Prostate cancer is the second most common male cancer, affecting cells of the prostate glands. About 90% of these early stage prostate cancers are dependent on androgens for growth, so inhibitors of the androgen receptor (AR) are often used as a treatment. However, prolonged use of androgen deprivation therapy (ADP) transforms many hormone sensitive prostate cancers into lethal castration-resistant prostate cancer (CRPC), which is not entirely dependent on the presence of androgens to grow. While improved targeting of androgen receptors is now possible, which can slow progression of CRPC, the disease remains uniformly lethal. Therefore, a need exists for new therapeutics targeted for lethal AR-deficient prostate cancers. Using a several types of human and mouse model samples, Hutch researchers discovered a “molecular brake” known as 4EBP1 which is inactivated in AR-resistant tumors and propagates a growth promoting cell-signaling pathway. By introducing 4EBP1 mimics, they discovered that these compounds killed AR-low, but not AR high, cells as well as significantly reduced the growth and survival of AR-low prostate cancers in mice.
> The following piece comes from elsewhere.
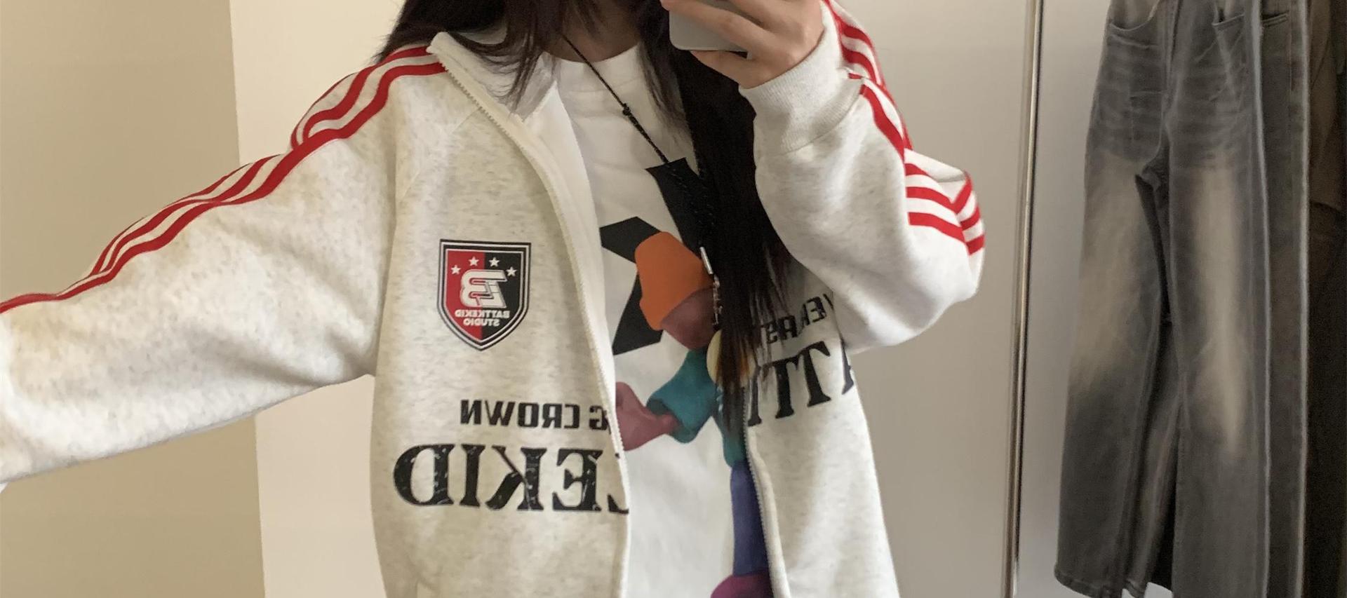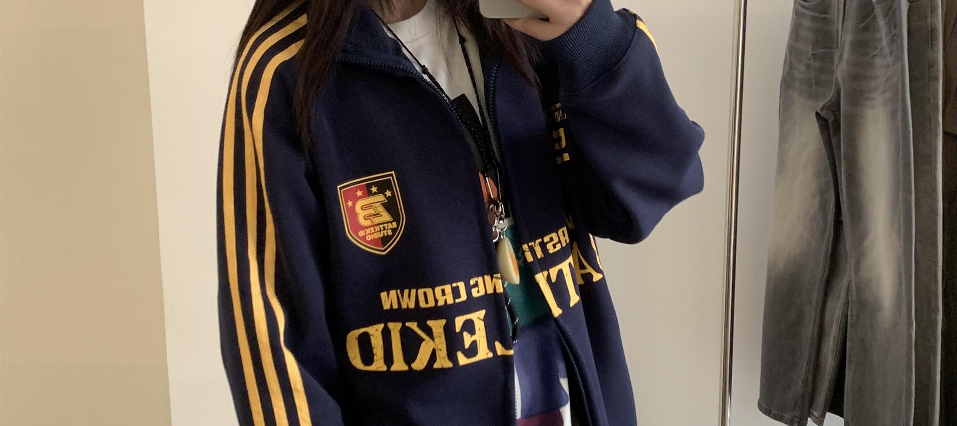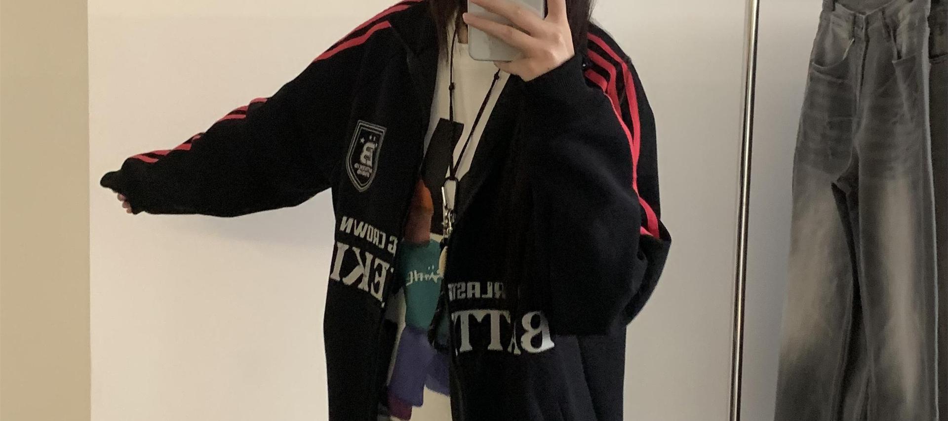 유럽과 미국의 편지 3 바 스티칭 카디건 지퍼 스웨트 셔츠 남성 패션 브랜드 가을과 겨울 느슨한 캐주얼 커플 재킷 코트스토어 가기

Therefore, they have identified a druggable link between the AR and protein synthesis that could be targeted in AR-low advanced prostate cancers.
Therapeutic treatments for androgen low and resistant prostate cancers
Reveals processes by which the androgen receptor regulates protein synthesis
Highlights druggable targets when the androgen receptor is low or isn’t present
Prostate cancer is the fifth leading cause of death worldwide. Over 1.2 million new cases and 359,000 deaths were reported in 2018, with the highest incidence occurring in men over 65 years of age. In 2013, prostate cancer was the cause of about 4.8 million people living with disability. The total global market for prostate cancer therapeutics is estimates to reach 16 billion in 2021 with a CAGR of $4.6%.